El cine del que hablamos tiene, sin embargo, otro tipo de prioridades a la hora de entablar su propio diálogo con el público: el contacto con la realidad, la necesidad imperiosa de buscar e investigar nuevas formas de expresión, la voluntad firme de sintonizar con el zeitgeist que condiciona y define nuestra propia existencia en este atrabiliario mundo en el que nos ha tocado vivir?

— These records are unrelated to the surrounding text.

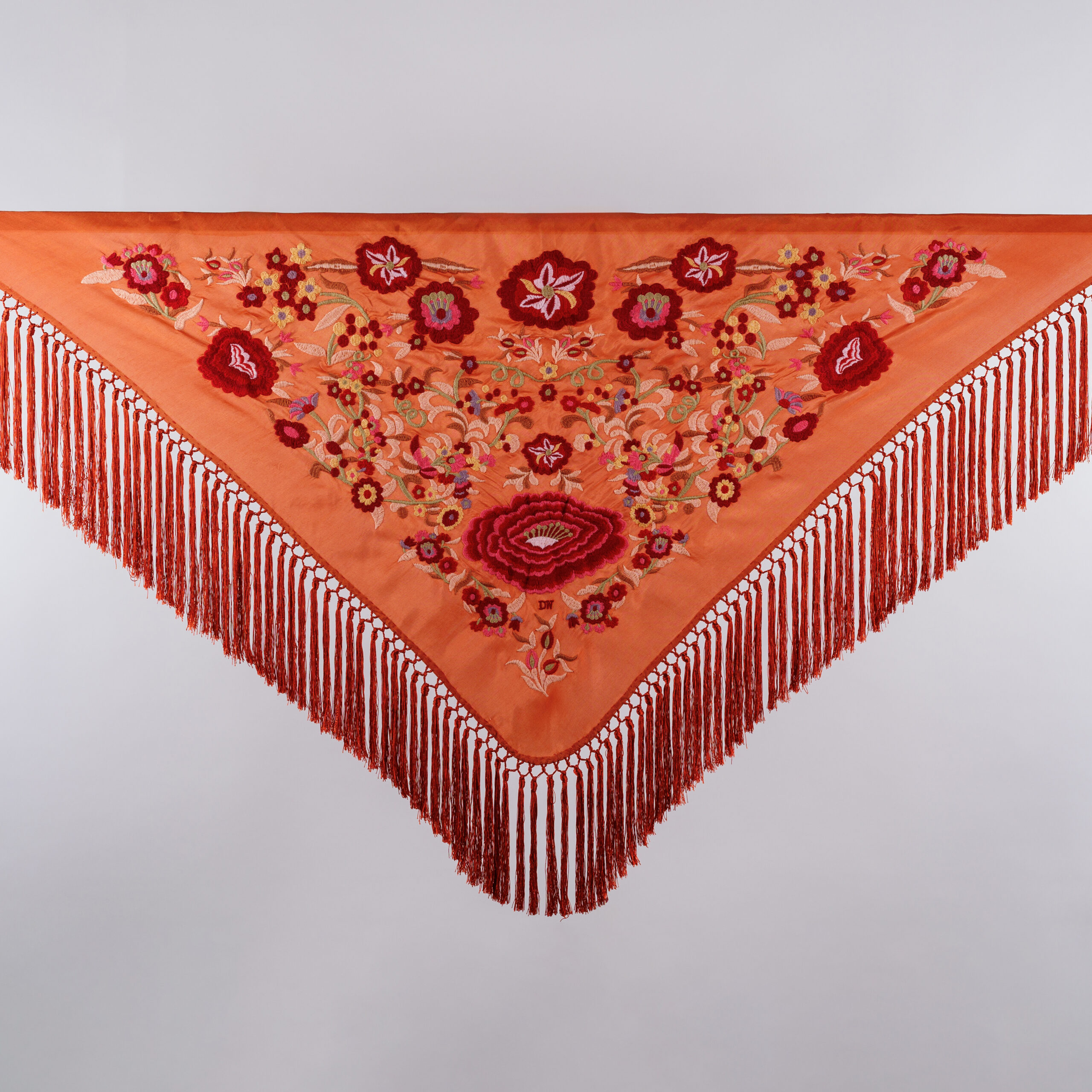 Nuestro mantoncillo está confeccionado en seda de algodón, bordado a máquina y flecado a mano .
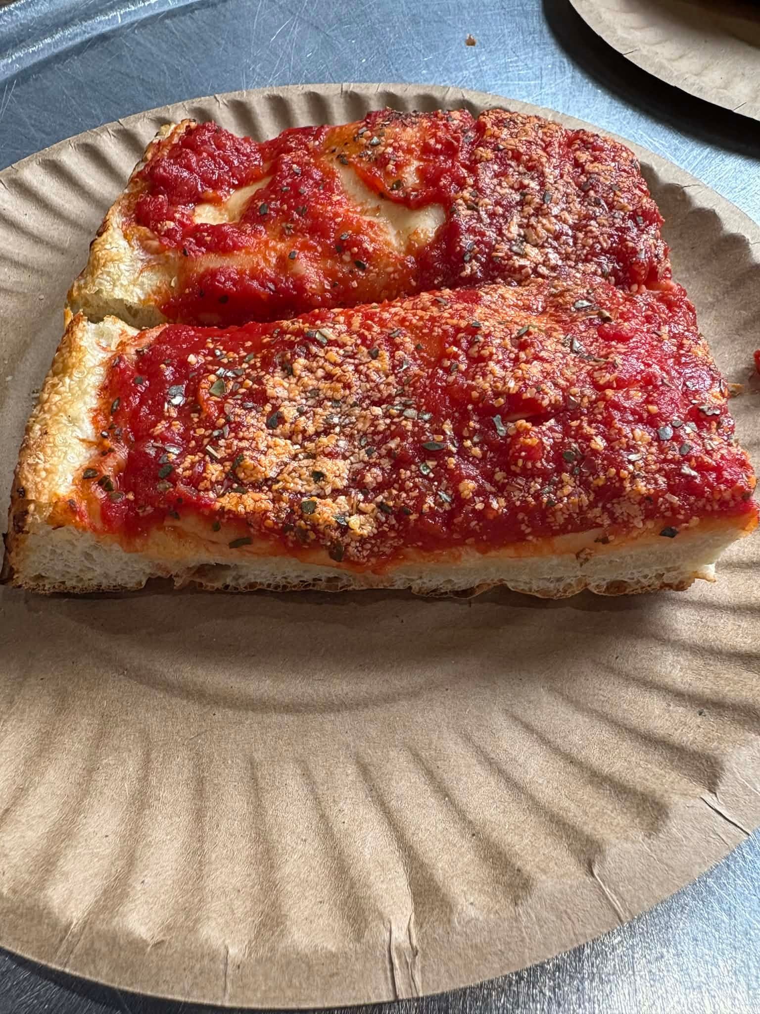 This one just didn’t land for me. I tried both a pepperoni slice and a Sicilian, and neither did much of anything. The Sicilian was noticeably dry, and the regular slice was small and pretty lifeless in terms of flavor. You can kinda tell from the pictures… there wasn’t much there to get excited about. I know some people swear by this place, so maybe I caught them on an off day, but based on this visit, the pizza itself was a miss.
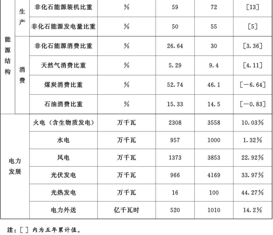 ——能源清洁化水平明显提高。可再生能源发电装机占电力总装机超过65%,非化石能源占能源消费总量比重达到30%,可再生能源发电量达到全社会用电量的60%左右。完成可再生能源电力消纳责任权重50%以上和非水电可再生能源电力消纳责任权重23%目标任务。
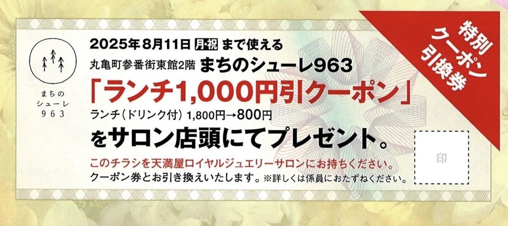 いよいよ明日からです! 2025年7月8日 by ijima サマージュエリーセールは、明日から開催いたします。 週替わりでブランドジュエリーを展開いたしますが、まず第一弾は、「梶光夫ジュエリー」 そして、お店にご来店いただいたお客様には、 「シューレのランチ1,000円引きクーポン」 をプレゼントいたします。 ぜひ、お越しください。 お待ちしています。
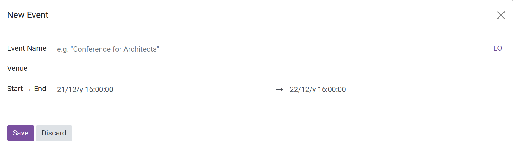 "Шинэ" товчлуур нь хэрэглэгчдэд ар талаас нь шинэ арга хэмжээ үүсгэх боломжийг олгодог. Товчлуурыг дарахад доор үзүүлсэн шиг арга хэмжээний эхлэх болон дуусах огноо, газар, нэрийг харуулсан цонх гарч ирнэ.

Por eso, cuando surgen iniciativas empresariales del calado de los multicines Monopol -de cuya apertura se cumplirán muy pronto veinte años-, como el de algunos locales homólogos en otras poblaciones españolas que intentan paliar este preocupante déficit de cine de arte orquestando una programación alternativa, nos asalta la sensación de que, efectivamente, no todo está perdido para nuestra sufrida cinefilia, que espacios tan necesarios para cubrir las necesidades culturales de nuestros ciudadanos sobrevivan a las inclementes embestidas de la crisis y, sobre todo, a los devastadores efectos que la adictiva pasión por el universo insomne de los videojuegos y por otros quehaceres lúdicos propios de nuestro tiempo están provocando en los hábitos de consumo de nuestra sociedad es motivo para seguir conservando, con reservas, claro está, cierto optimismo ante un futuro que podría situarnos ante ese escenario cultural, tan anhelado por muchos, en el que podamos transitar, con holgura y libertad, por los derroteros que nos traza la modernidad.